The Wasp’s new navigator stepped forward to take Kris’s place and prepared to receive Admiral Crossenshield. The king glanced over his shoulder, then eyed Kris.
“Your navigator is Imperial Musashi Navy.”
“The Wasp did commission there, and we were a bit shorthanded. His Imperial Majesty, the Emperor of Musashi, was kind enough to grant us the use of some of his personnel when it became necessary for us to get underway in great haste.” Kris tried not to smile at all she was leaving unsaid.
“Right. You’ve got a whole company of Imperial Marines. How’s your Secret Service Agent, Jack what’s-his-name taking to that?”
“The Emperor graciously put the Marine company under Captain Montoya’s command. It was only later that our own Royal U.S. Marine company arrived. The rump battalion is exercising well together.”
“Have you done any field exercises on Alwa? That’s what they call it, right.”
“Yes, sir. And no, sir, it has not seemed wise to land a landing force. The Alwans are having a hard enough time coming to terms with the basic concept of intelligent species using force against each other without us practicing in their own backyard.”

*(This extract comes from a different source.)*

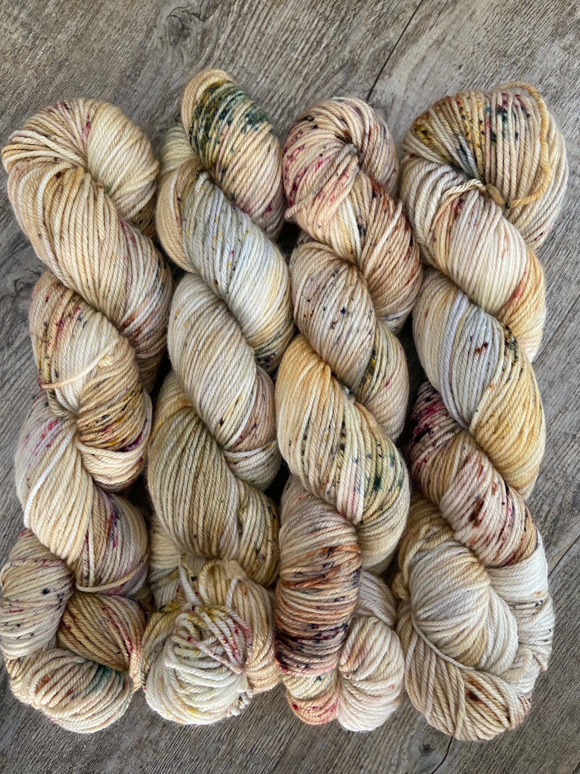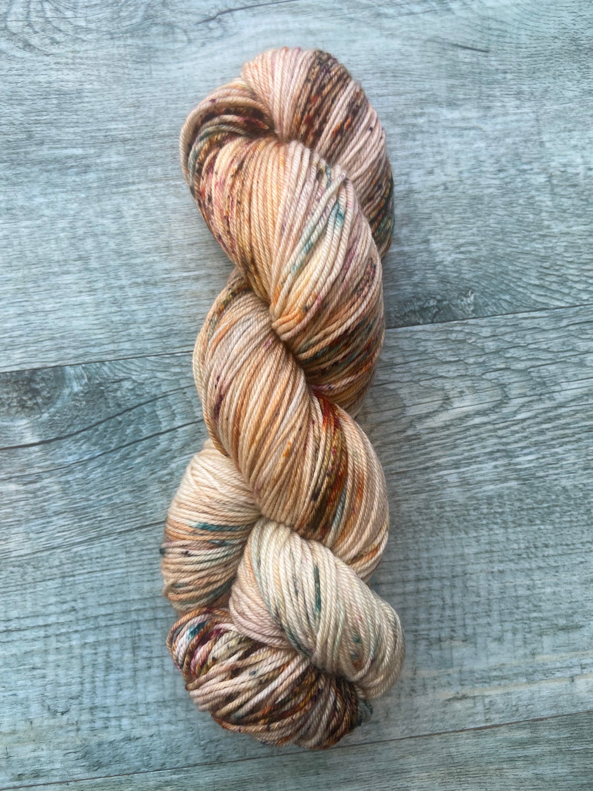 Produced in super soft, New Merino, this yarn is delightfully soft to work with and produces a beautiful speckled fabric with the predominant colour of pale sandy tones with brown pops..

“They better get the concept real fast,” the king muttered.
“We couldn’t agree more on that,” Kris said, and ushered the king
into the Forward Lounge.
Mother MacCreedy had outdone herself. The place looked like an Officers’ Club like you might have found in old England or better yet, Raj India. Captured Unity flags hung next to Imperial Iteeche banners and gold tridents. There were several huge oil paintings. One showed a bunch of horsemen on gray mounts charging, sabers waving, seemingly hell-bent on charging out of the picture.
There were photos, too, some of old, bewhiskered officers, but Kris spotted one of General Ray’s staff from the Iteeche War, and another of his officers from the old Second Guard Brigade.
The man in the gold-encrusted fleet admiral’s blues took it all in, and grumbled, “A bit overdone, isn’t it?”
Kris shrugged. “You know how contractors will go overboard trying to please.” When he didn’t react to her gibe, she led him toward the screens.
One thing Mother MacCreedy had done was to set aside an area behind a glass wall. For an old lady, Mother MacCreedy was either taking to manipulating Smart MetalTM herself or had someone who owed her favors. Whoever it was did indeed know the magic of making Smart MetalTM not only stand up and paint pictures, but also turn a wall clear as glass, and, like tonight, expand the floor area and the length of the bar.
The Forward Lounge might be crowded, but it would not leave anyone out. It was big at the moment and likely to get bigger as the need arose.
The king settled himself at the table with the best view of the screens. The planet rolled by below them as a pretty Marine corporal in dress blue and reds arrived. “Can I get you something to drink, Your Royal Majesty?” she asked with a barmaid’s smile.
The king frowned. “Were you ordered to this assignment?”
“No, sir,” the girl answered indignantly. “I get extra pay for this, and while the tips aren’t likely to be as good tonight since the princess here ordered me out of my usual short skirt and into uniform, it’s still a good way to supplement my college fund, if you must know, sir. Now, are you drinking or just asking personal questions?”